Geostatistical Analysis

Gstat

variogram_model

hydrobox.gstat.variogram_model(coordinates, values, effective_range, sill, nugget=0, n_lags=15, binning='even', maxlag='median', model='spherical', estimator='cressie', s=None, plot=True, ax=None)[source]

Variogram Function

Calculate a variogram from the given parameters. This function will not fit the theoretical function to the experimental function, but use the passed arguments.

Parameters:
coordinates : numpy.ndarray

List of n-dimensional coordinates. Refer to scikit-gstat for more information of this parameter.

values : numpy.ndarray

1D-array of observaitons. Has to match the length of the first axis of coordinates. Refer to scikit-gstat for more information of this parameter.

effective_range : float

Effective range of the theoretical model function. Refer to scikit-gstat for more information of this parameter.

sill : sill

Sill of the theoretical model function. Refer to scikit-gstat for more information of this parameter.

nugget : float

Nugget of the theoretical model function. Defaults to 0 (no nugget effect included in the model). Refer to scikit-gstat for more information of this parameter.

n_lags : int

Number of lag classes to be derived for the variogram. Refer to scikit-gstat for more information of this parameter.

binning : str

Method used for calculating the lag class edges. Can be either ‘even’ (default) or ‘uniform’. ‘even’ will yield lag classes of same width, ‘uniform’ will assure a uniform distribution across all lag classes. Refer to scikit-gstat for more information of this parameter.

maxlag : float, str, None

Maximum separating distance, at which a point pair will still be included into the variogram.
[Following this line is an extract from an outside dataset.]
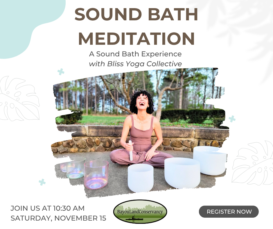 Join us for Sound Bath Meditation with Bliss Yoga Collective at Arrowwood Preserve on Saturday, November 15th!

Can be the number itself (float > 1), the share of the maximum separating distance observed (0 < maxlag < 1), or one of ‘mean’, ‘median’ to calculate the mean or median of all separating distances as maxlag.

model : str

The theoretical variogram model. Can be one of:

  • spherical
  • exponential
  • gaussian
  • cubic
  • stable
  • matern

Refer to scikit-gstat for more information of this parameter.

estimator : str

The semi-variance estimator to be used for the experimental variogram. Can be one of:

  • materon
  • cressie
  • dowd
  • genton
  • entropy

Refer to scikit-gstat for more information of this parameter.

s : float

In case the model was set to matern, s is the smoothness parameter of the model. In case the model was set to stable, s is the shape parameter of the model. In all other cases, s will be ignored.

plot : bool

If True, the function will return a plot of the Variogram, if False, it will return a tuple of (bins, experimental, model).

ax : None, matplotlib.AxesSubplot

If None, the function will create a new matplotlib Figure. In case an AxesSubplot is passed, that instance will be used for plotting.

Returns:
plot : matlotlib.Figure

Will return a matplotlib Figure, if plot was set to True

data : tuple

Will return the tuple (bins, experimental, model) if plot was set to False.